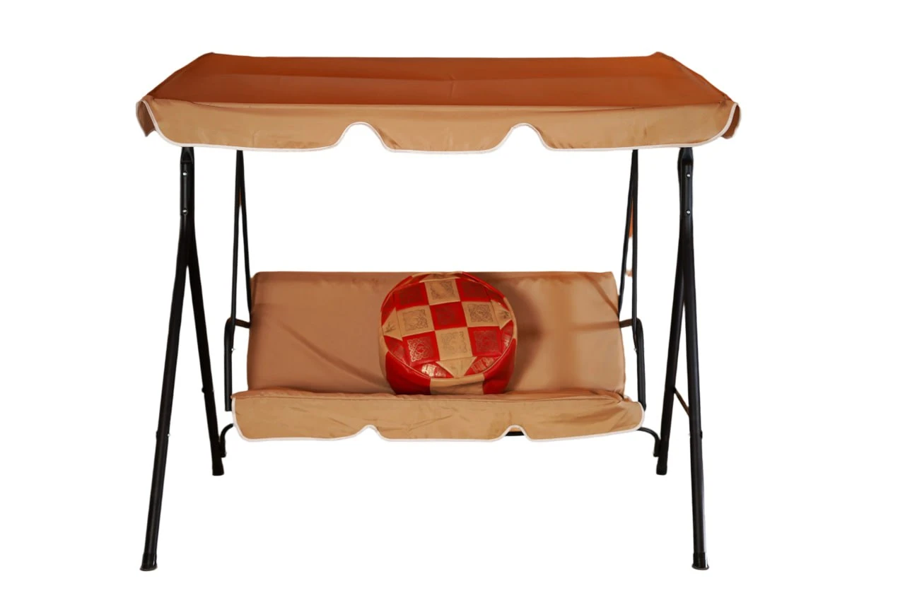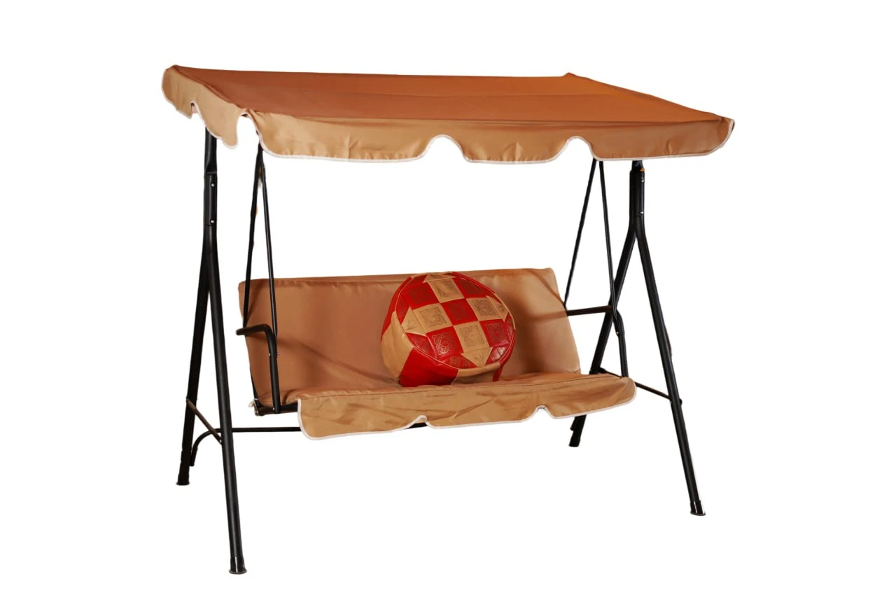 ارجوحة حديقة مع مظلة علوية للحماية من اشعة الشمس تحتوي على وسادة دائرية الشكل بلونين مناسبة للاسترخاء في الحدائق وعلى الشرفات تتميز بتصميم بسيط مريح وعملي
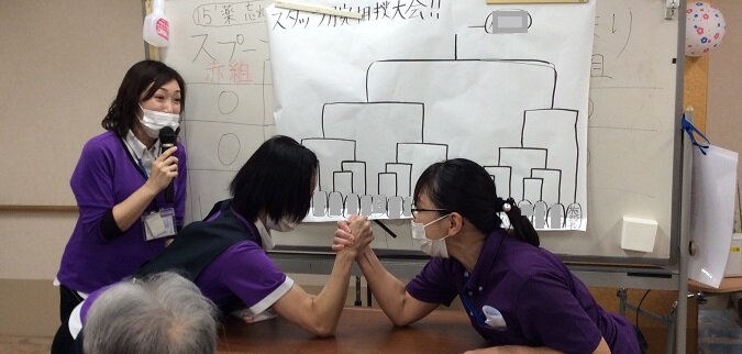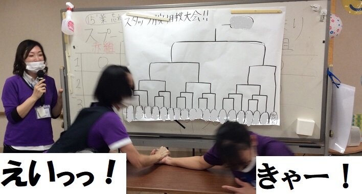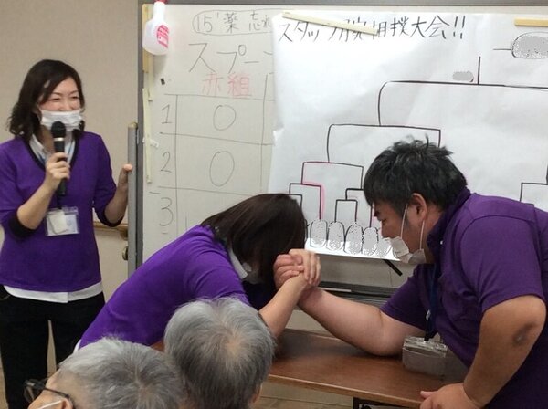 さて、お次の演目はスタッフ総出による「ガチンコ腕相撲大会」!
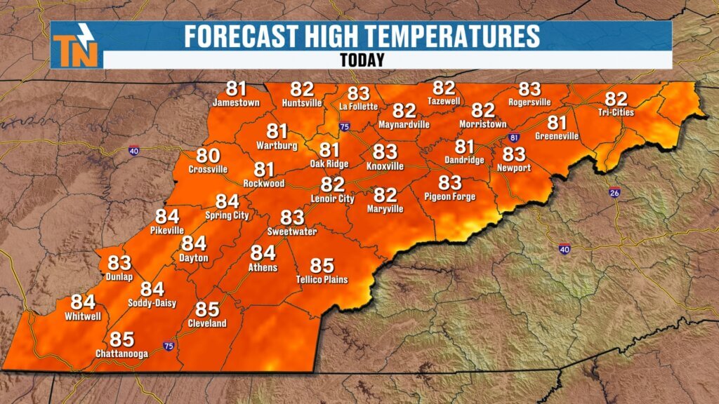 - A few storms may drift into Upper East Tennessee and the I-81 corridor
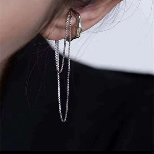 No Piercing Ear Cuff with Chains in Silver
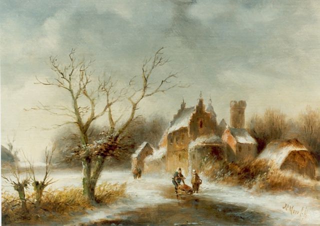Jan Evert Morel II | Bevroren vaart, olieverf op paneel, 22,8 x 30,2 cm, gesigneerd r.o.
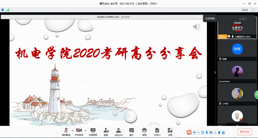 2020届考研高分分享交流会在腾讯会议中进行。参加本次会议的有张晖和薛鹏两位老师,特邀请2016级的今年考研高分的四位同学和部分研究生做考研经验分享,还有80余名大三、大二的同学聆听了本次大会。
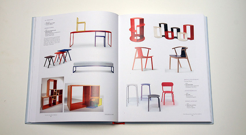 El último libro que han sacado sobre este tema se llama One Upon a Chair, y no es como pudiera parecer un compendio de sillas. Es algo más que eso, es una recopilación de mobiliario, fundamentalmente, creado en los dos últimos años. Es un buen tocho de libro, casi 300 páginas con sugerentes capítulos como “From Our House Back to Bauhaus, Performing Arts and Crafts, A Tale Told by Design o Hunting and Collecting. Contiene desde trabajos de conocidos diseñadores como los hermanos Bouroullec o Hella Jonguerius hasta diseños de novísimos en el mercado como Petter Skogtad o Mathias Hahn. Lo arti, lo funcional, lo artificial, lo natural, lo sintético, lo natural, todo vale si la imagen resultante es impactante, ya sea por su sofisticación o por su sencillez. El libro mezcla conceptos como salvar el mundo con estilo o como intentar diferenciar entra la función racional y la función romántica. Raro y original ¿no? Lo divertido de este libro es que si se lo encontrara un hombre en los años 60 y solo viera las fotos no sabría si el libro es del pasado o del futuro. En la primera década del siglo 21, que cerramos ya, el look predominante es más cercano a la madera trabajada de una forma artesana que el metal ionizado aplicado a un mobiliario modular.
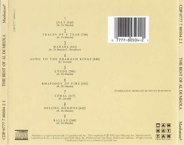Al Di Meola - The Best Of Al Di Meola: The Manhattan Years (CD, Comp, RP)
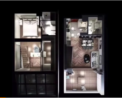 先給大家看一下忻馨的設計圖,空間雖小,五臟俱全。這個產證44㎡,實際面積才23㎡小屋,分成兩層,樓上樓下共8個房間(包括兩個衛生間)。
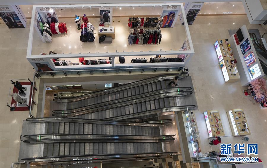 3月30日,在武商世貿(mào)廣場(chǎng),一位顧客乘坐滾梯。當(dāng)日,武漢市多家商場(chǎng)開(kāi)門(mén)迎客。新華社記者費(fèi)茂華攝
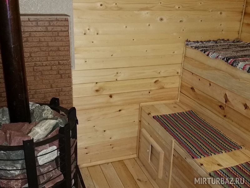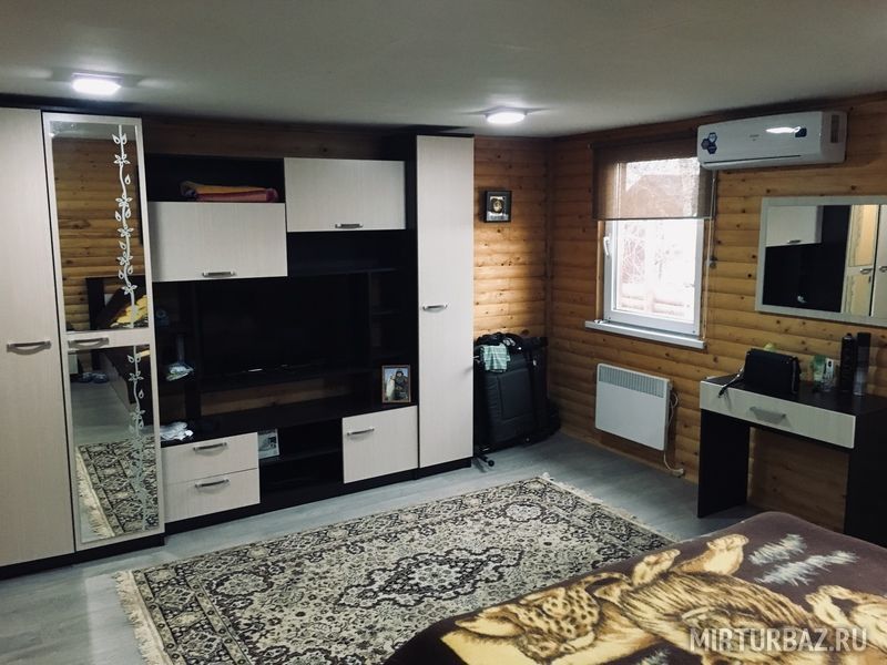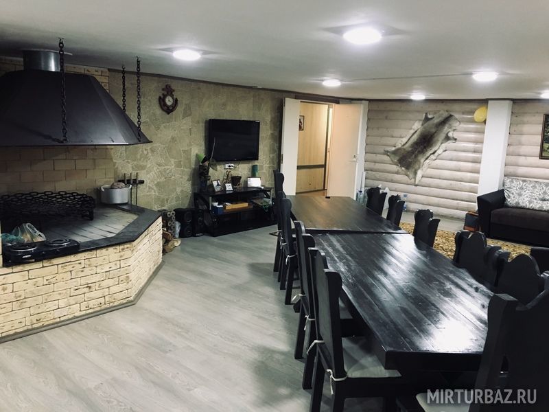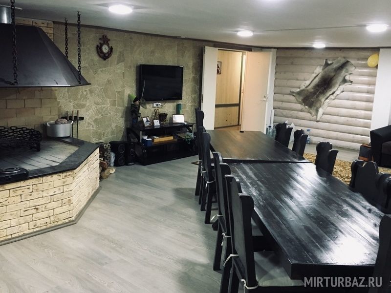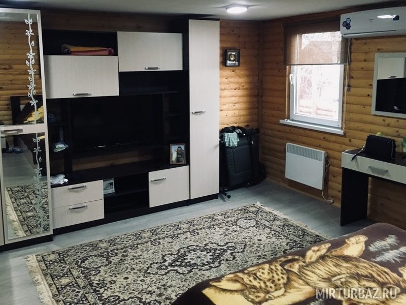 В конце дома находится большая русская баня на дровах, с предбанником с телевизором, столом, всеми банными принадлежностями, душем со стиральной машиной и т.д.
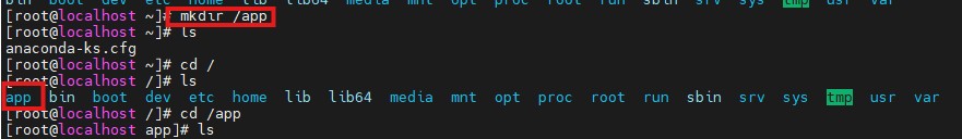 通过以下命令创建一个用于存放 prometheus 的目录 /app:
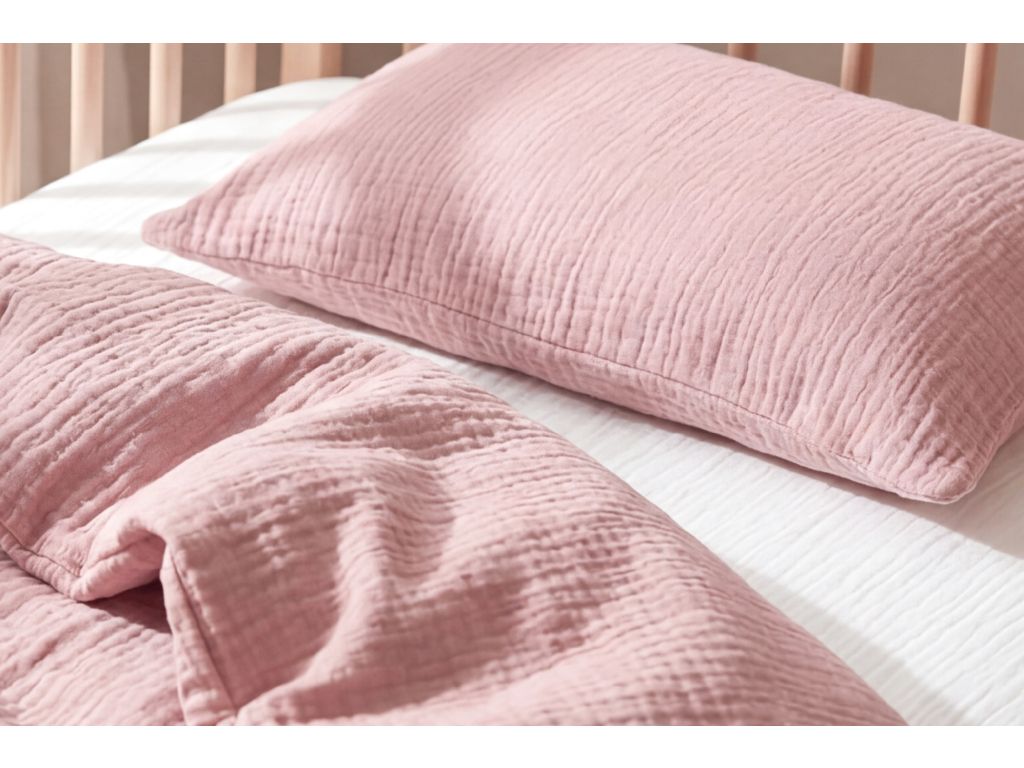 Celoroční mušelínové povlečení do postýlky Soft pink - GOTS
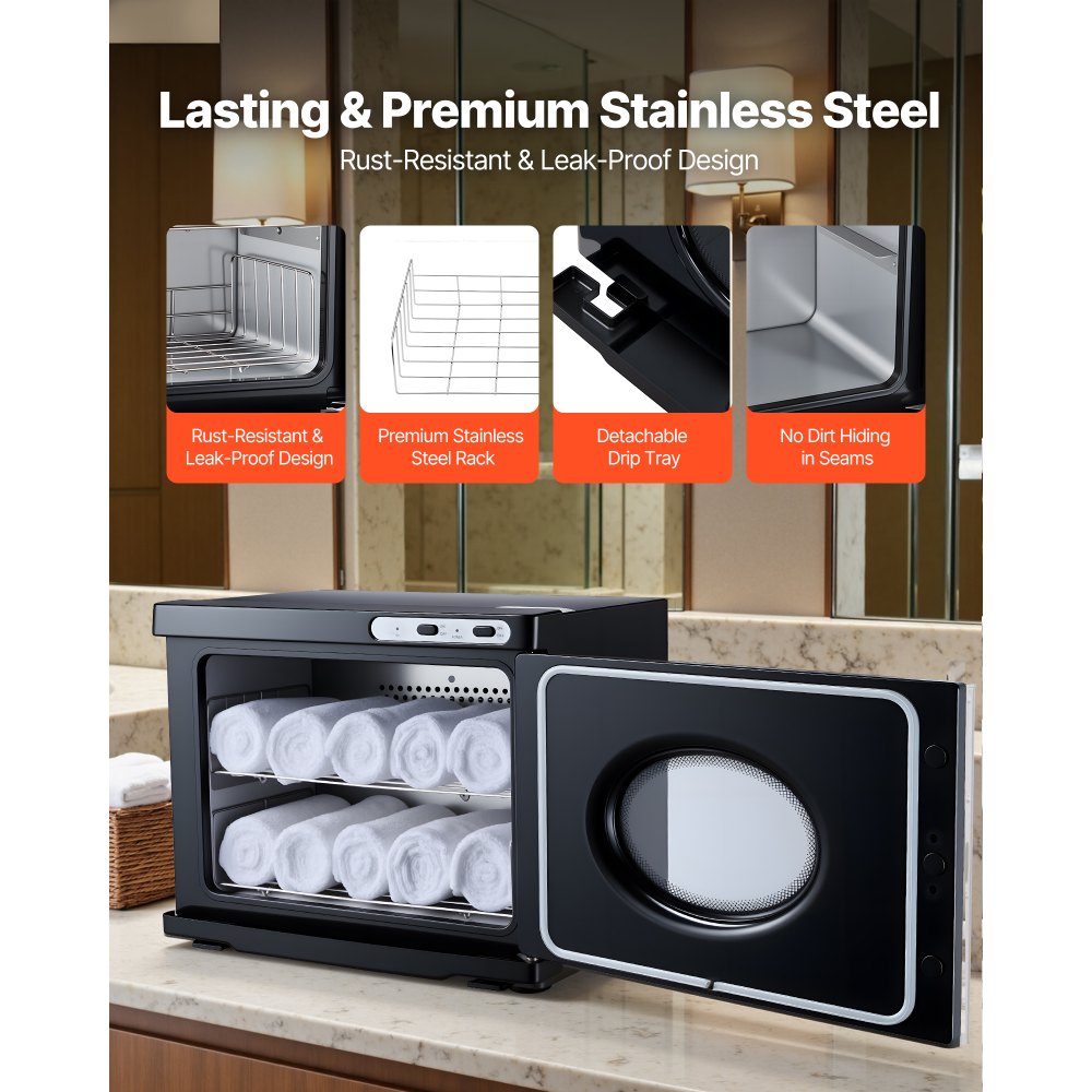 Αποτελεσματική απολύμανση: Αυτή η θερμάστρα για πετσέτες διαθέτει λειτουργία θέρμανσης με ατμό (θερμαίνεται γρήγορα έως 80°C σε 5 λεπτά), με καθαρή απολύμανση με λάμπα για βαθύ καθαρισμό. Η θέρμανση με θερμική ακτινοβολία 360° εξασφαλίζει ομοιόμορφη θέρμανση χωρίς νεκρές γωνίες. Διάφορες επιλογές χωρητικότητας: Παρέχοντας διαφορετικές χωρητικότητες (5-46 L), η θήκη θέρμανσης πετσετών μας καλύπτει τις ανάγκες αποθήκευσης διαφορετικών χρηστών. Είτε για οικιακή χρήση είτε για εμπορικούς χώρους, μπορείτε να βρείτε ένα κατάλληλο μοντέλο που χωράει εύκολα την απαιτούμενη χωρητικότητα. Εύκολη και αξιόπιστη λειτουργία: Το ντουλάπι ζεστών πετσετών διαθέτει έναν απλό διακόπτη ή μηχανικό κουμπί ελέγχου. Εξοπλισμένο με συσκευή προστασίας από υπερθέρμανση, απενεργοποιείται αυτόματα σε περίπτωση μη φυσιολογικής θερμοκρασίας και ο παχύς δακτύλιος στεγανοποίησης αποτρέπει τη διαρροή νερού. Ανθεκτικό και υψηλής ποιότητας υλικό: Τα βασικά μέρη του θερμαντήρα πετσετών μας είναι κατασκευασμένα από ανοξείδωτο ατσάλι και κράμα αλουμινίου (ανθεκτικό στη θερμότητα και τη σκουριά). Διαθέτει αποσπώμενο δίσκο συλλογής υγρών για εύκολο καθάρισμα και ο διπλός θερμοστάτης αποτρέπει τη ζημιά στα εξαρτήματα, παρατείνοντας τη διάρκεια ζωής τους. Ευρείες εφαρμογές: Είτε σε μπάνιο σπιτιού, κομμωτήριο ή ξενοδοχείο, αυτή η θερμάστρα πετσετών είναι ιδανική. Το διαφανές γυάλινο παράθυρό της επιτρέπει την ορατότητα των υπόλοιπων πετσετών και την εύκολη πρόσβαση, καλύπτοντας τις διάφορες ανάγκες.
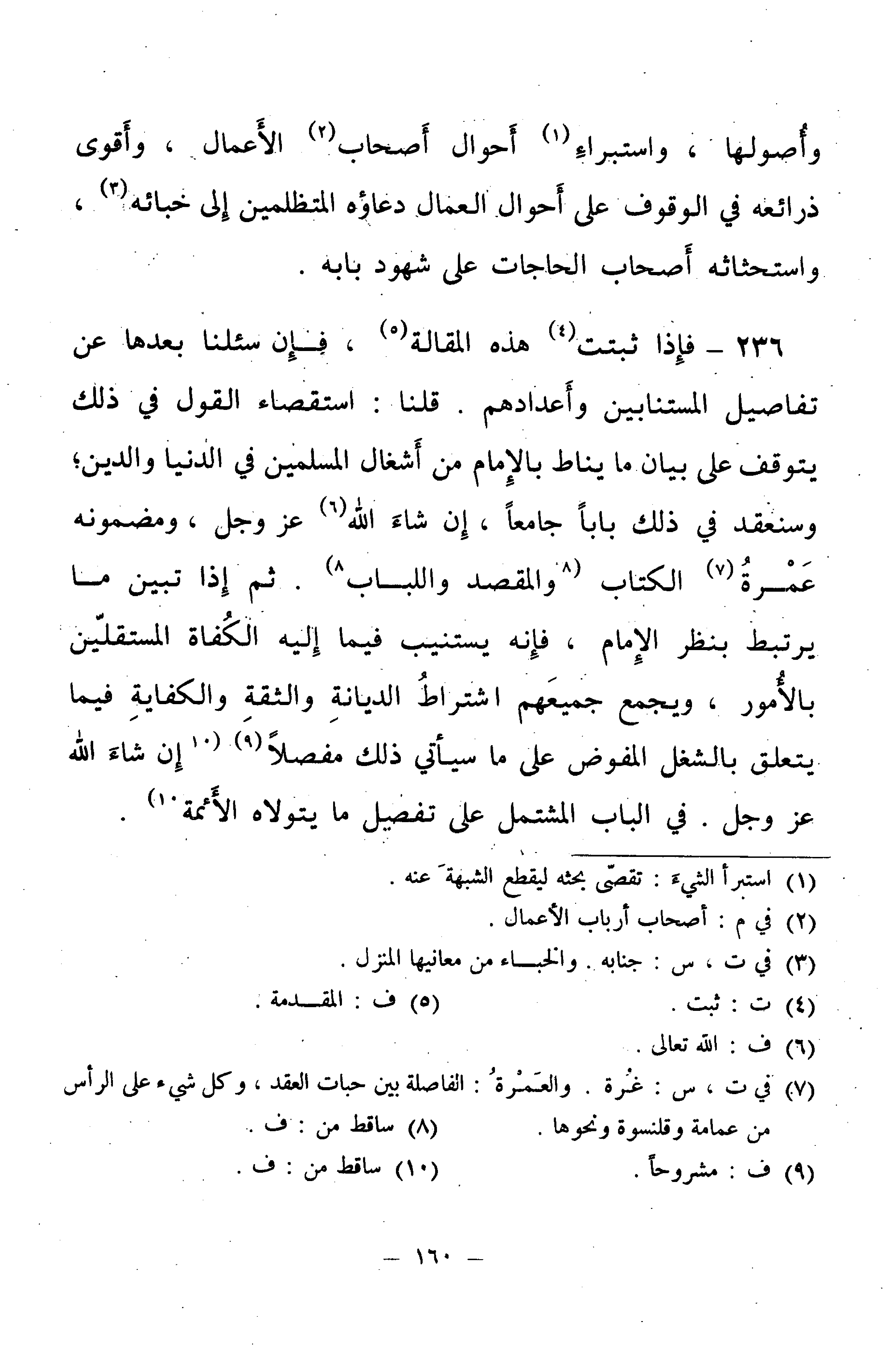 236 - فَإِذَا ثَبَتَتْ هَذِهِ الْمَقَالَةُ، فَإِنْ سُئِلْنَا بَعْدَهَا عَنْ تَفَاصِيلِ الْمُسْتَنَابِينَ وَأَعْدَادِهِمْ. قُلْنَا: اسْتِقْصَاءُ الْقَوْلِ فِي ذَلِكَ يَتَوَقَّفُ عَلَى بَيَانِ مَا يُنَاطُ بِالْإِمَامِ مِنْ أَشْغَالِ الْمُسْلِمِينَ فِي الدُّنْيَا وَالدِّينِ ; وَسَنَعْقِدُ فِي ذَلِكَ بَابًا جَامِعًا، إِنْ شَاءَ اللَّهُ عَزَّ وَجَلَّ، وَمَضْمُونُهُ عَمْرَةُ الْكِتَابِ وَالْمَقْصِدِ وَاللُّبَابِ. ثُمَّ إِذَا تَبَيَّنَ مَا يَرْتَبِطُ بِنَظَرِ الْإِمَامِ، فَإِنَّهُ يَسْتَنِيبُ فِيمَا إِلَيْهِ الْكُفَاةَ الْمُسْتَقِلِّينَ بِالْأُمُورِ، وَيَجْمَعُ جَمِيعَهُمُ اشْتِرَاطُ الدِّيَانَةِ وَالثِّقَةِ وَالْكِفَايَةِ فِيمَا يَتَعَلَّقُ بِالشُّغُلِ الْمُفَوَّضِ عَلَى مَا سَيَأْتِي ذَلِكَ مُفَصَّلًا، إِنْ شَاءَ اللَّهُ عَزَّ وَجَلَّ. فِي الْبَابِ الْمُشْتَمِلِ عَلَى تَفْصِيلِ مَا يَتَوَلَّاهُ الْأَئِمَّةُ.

= = = = =

**Work item**
Leaving out the pictures, please output the lines in the entries above from the one with "Jan Evert Morel" through the one with "2020届考研高分分享交流会", exactly as they are.

**Answer to this problem**
Jan Evert Morel II | Bevroren vaart, olieverf op paneel, 22,8 x 30,2 cm, gesigneerd r.o.
 2020届考研高分分享交流会在腾讯会议中进行。参加本次会议的有张晖和薛鹏两位老师,特邀请2016级的今年考研高分的四位同学和部分研究生做考研经验分享,还有80余名大三、大二的同学聆听了本次大会。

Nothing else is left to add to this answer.